Os serviços-escola encontram-se em lugar privilegiado no que tange à tríade constituída por ensino, pesquisa e extensão. São espaços propícios não apenas para as práticas das diferentes áreas de atuação psicológica, mas para que novas ferramentas do fazer clínico sejam discutidas, pensadas e colocadas em práticas. Constituem-se em um laboratório ainda pouco explorado, onde todas as instâncias (ensino, pesquisa e extensão) podem e devem se fortalecer e interligar-se, visando à manutenção da qualidade do serviço prestado à comunidade, da qualidade do atendimento à qualidade da formação.

Lohr e Silvares (2006) nos alertam sobre a escassa produção científica que enfoque os serviços-escola e se perguntam se estaríamos cumprindo, de forma satisfatória, a interface entre a teoria e a prática profissional. Neste sentido, "uma articulação perfeita entre a pesquisa, a extensão e o ensino deveria fundar-se em pesquisas epidemiológicas que mapeassem a clientela e os atendimentos oferecidos pelos serviços de Psicologia aplicada das universidades" (PERFEITO e MELO, 2004, p. 34).

A partir das pesquisas de caracterização de clientela é que podemos conhecer quem são aqueles que buscam tais serviços, de onde provêm, quais são suas demandas e de que forma podemos atendê-las.
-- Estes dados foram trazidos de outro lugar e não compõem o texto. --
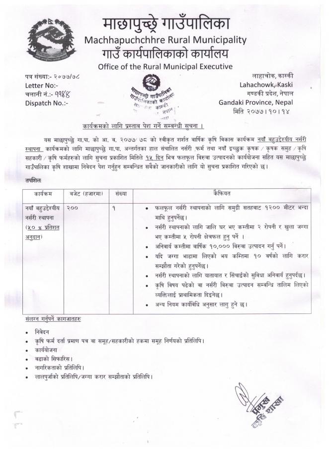 » बहुउद्देश्यीय नर्सरी स्थापना कार्यक्रमको लागि प्रस्ताव पेश गर्ने सम्बन्धी सूचना।

Exercício, portanto, capaz de redimensionar não apenas os serviços, como atualizar os temas concernentes à própria formação em Psicologia.
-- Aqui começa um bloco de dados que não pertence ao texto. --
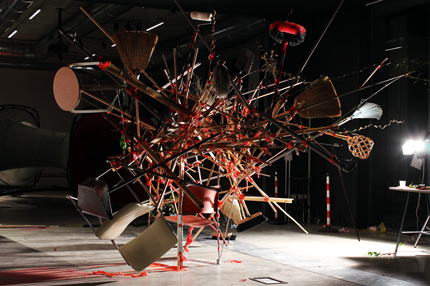 The idea I came to Milan with was to build a bridge of sticks between two chairs but I changed my mind and wanted to build on one chair with only the legs of the chair touching the ground. I wanted to see how far I could push the strength of the tape and balance of the chair.

Entende-se que um estudo como este se justifica, haja vista que os serviços-escola são essenciais para a formação de futuros psicólogos e para a prestação de serviços à sociedade cumprindo, assim, uma dupla-função. Para que seja levado adiante tal compromisso entre formação e demanda, é preciso que se realizem, como nos recordam Amaral et al. (2012), mais pesquisas e investigações visando a ampliar a gama de serviços prestados, a qualidade dos que já estão em andamento e a quantidade de pessoas atendidas.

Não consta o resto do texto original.